Hawaiʻi Nonprofit Leverages Farming To Serve Homeless And Disabled

Food & Drink

At 10 a.m., the hot sun already has spilled in over the Waiʻanae Range, warming up the notoriously toasty Lualualei Valley. Tour guide Kristen Jamieson welcomes a group of servers and cooks from a local restaurant who have driven an hour from town for a tour of Kahumana Farms. 

Soon this group will meet the farm’s chickens, learn about its nutrient-dense (and painstaking to manage) soil – vertisol – and sample sweet carrots freshly ripped from the ground. 

But only after Jamieson explains the mission that the farm powers.  

Kahumana Farms, officially called Alternative Structures International, uses farming to help the people in its community who need it most. The nonprofit organization operates nourishing ventures to fund impactful programs to fulfill its overall mission: to create healthy communities by creating healthy people. Its sustainable and continually evolving model can inspire aspiring or struggling nonprofits worldwide to achieve service and success. 

After covering its costs, Kahumana Farms uses the profits from its social ventures – its farm, tours, retreat center and café – to provide various social programs for the homeless and disabled. In essence, everything is tied to the farm, which creates a culturally and spiritually rich platform for multiple opportunities. 

Government grants and Department of Housing and Urban Development and Medicaid Waiver programs supplement its social programs and new projects.

When the organization was first assessing how to drive its mission, it identified farming as a critical component. Farming could accomplish various aims, including empowering people to get grounded and to reconnect with the land. 

The 31-acre certified organic farm produced an estimated 100,000 pounds of food for the local community in 2019, retreat manager and event coordinator Jordon Joern said.

The farm’s regenerative farming practices enrich the soil, sequester carbon, and produce nutritious, chemical-free food. It also employs homeless and disabled people as well as teaches them job and nutrition skills. 

“We are a farm-based community working with homelessness and people with disabilities,” said Christian Zuckerman, farm manager and director of social ventures. “That’s always been at the heart of our organization.” 

Part of the beauty of Kahumana Farms’ mission is that it allows the organization to focus on many areas of need, Zuckerman said. 

The result is an impressive web of social ventures and programs that are seamlessly woven together to serve the community:

The organization’s farm hub offers aspiring local farmers and backyard growers an outlet to sell their crops at a price higher than what they would receive from a grocery store. 

It also organizes a variety of events, such as an annual farm festival and seed exchange and the quarterly “Feast For Farms” fundraiser dinners that highlight local chefs and auction goods and experiences donated by local businesses to support the farm and its social programs.

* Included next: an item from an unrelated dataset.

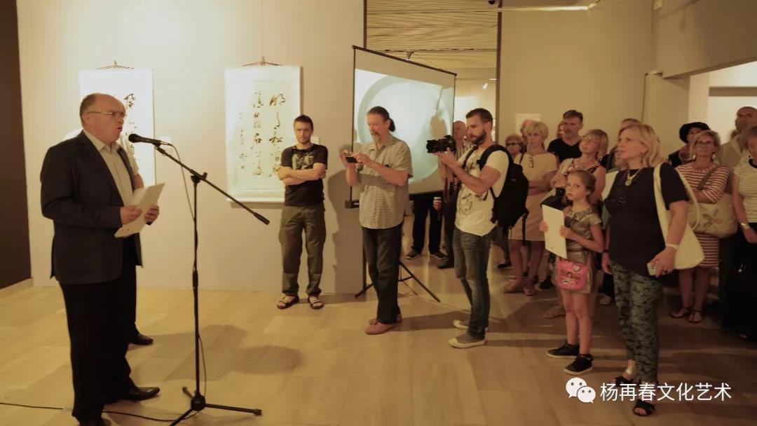 开幕式上司马安教授和市长分别发表了演讲,感谢杨再春先生作为克中文化交流的使者将传统的中国书法文化带到里耶卡,让克罗地亚人民可以从书法艺术中感受到中国的文化力量。随后杨再春先生向大家讲述了展览的主要内容,并现场进行书法表演。在场的外国观众对展出的作品和现场的表演都表现出了极大的兴趣,反响热烈。司马安教授代表克中友好协会向杨先生赠送了刻有古老的格拉哥里语(Glagolitic script)的印章作为礼物。

A 30-person retreat center hosts farm tours and wellness retreats. People from all over the world can come experience what it is like to live on a farm. They can eat breakfast with the farmers in the morning, take a tour and volunteer on the farm in the afternoon, and see up close the machine that runs the farm’s programs. 

For example, local yoga teacher Yoko Fujiwara draws groups from Japan multiple times a year to practice ashtanga yoga on a sustainable farm. 

Open for lunch and dinner Tuesday through Saturday, the farm cafe offers a Mediterranean-inspired menu using ingredients freshly harvested from the farm. Hummus and pita plates; hearty soups of the day; and large salads brimming with its special mix of mustard greens, kale, tatsoi and amaranth, topped with shaved watermelon radish and golden beets, and served with toasted bread from a local bakery are common offerings.

The farm combines its profits with the government funding to run its social programs:

The organization has constructed 48 homes for the homeless in a complex that includes a community center, child care and job coaching. It also manages an additional 80 units of transitional housing nearby. It operates a commercial kitchen that pumps out 900 school lunches a day for low-income children on the Leeward Coast. 

Moreover, it runs two learning centers for the developmentally disabled – one at Kahumana Farms and the other in Kailua. It also offers a buddy program called Personal Assistance and Behavior that assists disabled adults with running errands and performing daily household chores while giving them a friendly pal to connect with.

You can learn more about the nonprofit’s journey and impact since 1974 here

Inspiring missions attract inspiring staff. Behind Kahumana Farms’ model is a group of selfless beings who live to nurture the land and its people. Zuckerman encourages nonprofits to establish a mission that can entice dedicated and passionate individuals to keep propelling it forward.

For a remote strip of islands that constantly is thinking about ways to increase food security and to help one another, this model nurtures both. In addition to nourishing its community, Kahumana Farms offers inspiration for nonprofits in Hawaiʻi and around the world.